Transcribe all of the records, leaving out any pictures.

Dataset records
^^^^
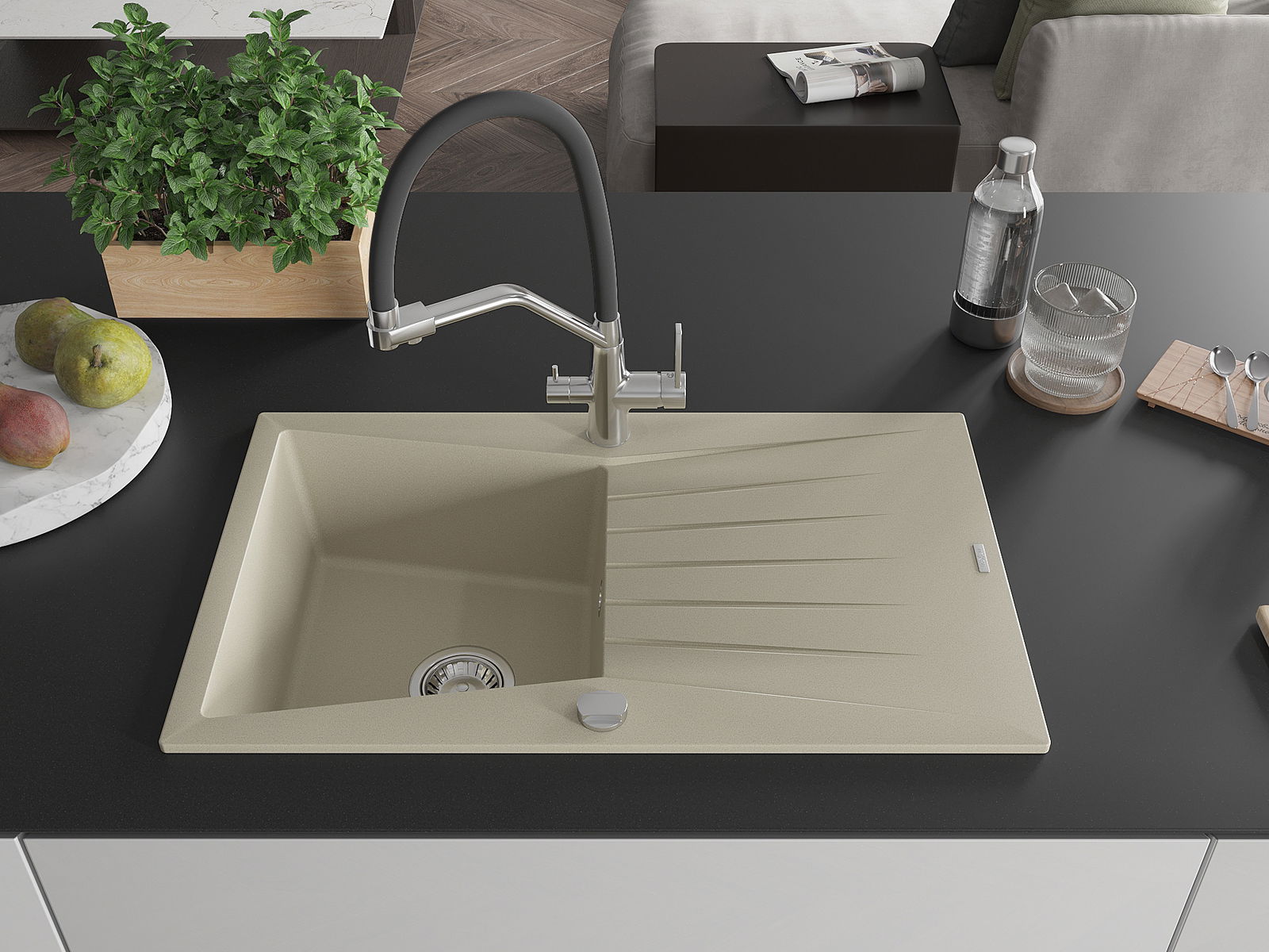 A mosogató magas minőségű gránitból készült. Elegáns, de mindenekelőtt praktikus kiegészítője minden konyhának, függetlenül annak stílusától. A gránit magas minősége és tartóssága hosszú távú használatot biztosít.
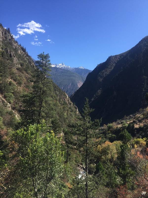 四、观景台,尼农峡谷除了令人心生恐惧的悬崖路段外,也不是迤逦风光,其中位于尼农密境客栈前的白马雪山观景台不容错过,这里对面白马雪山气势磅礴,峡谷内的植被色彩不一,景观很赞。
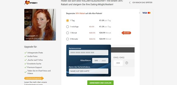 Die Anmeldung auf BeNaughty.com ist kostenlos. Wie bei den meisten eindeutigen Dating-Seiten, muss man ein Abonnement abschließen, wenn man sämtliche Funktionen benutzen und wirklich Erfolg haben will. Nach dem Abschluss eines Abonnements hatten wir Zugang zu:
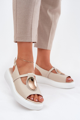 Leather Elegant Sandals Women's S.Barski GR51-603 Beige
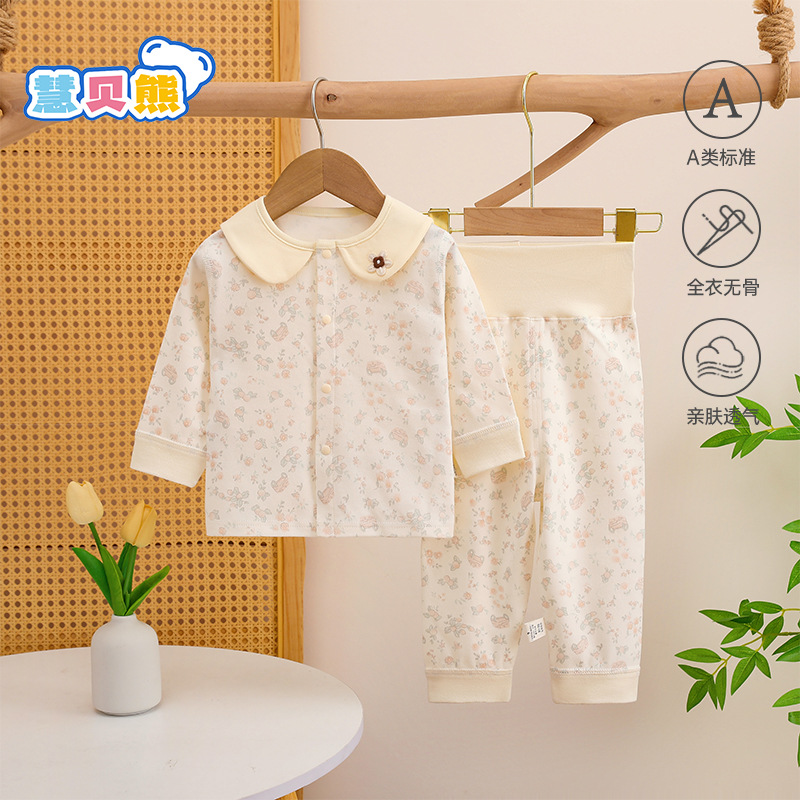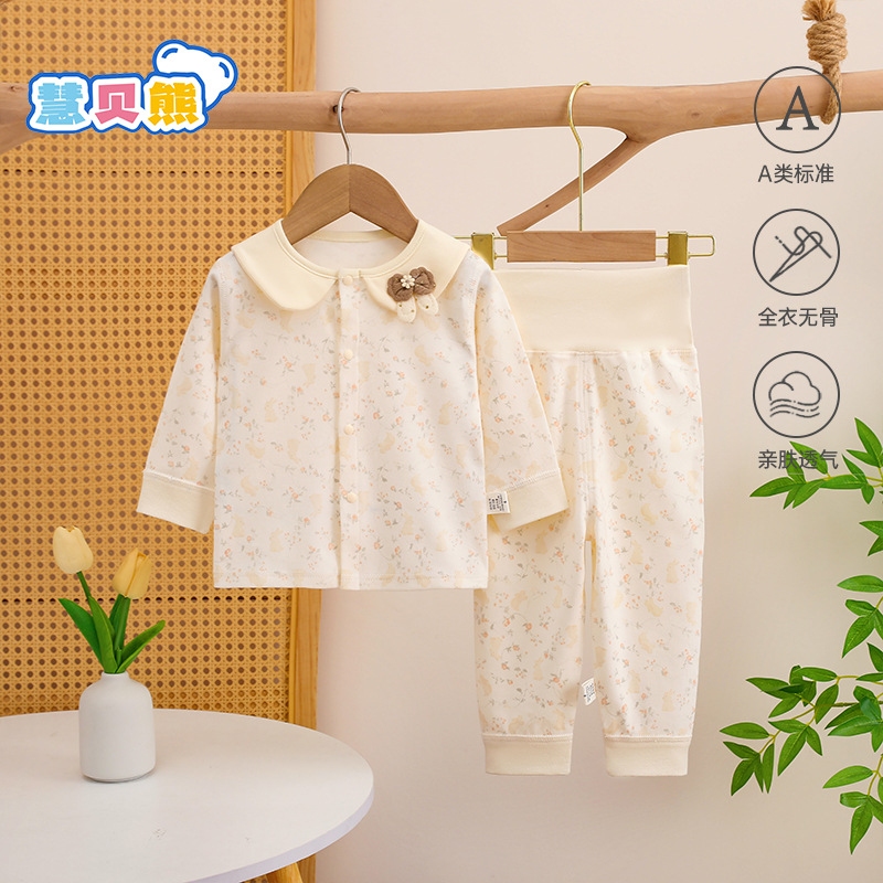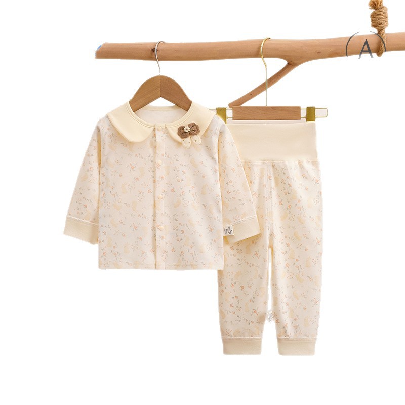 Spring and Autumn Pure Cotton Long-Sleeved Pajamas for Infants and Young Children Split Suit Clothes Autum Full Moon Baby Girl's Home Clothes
^^^^
* [Solved problem]:
 A mosogató magas minőségű gránitból készült. Elegáns, de mindenekelőtt praktikus kiegészítője minden konyhának, függetlenül annak stílusától. A gránit magas minősége és tartóssága hosszú távú használatot biztosít.
 四、观景台,尼农峡谷除了令人心生恐惧的悬崖路段外,也不是迤逦风光,其中位于尼农密境客栈前的白马雪山观景台不容错过,这里对面白马雪山气势磅礴,峡谷内的植被色彩不一,景观很赞。
 Die Anmeldung auf BeNaughty.com ist kostenlos. Wie bei den meisten eindeutigen Dating-Seiten, muss man ein Abonnement abschließen, wenn man sämtliche Funktionen benutzen und wirklich Erfolg haben will. Nach dem Abschluss eines Abonnements hatten wir Zugang zu:
 Leather Elegant Sandals Women's S.Barski GR51-603 Beige
 Spring and Autumn Pure Cotton Long-Sleeved Pajamas for Infants and Young Children Split Suit Clothes Autum Full Moon Baby Girl's Home Clothes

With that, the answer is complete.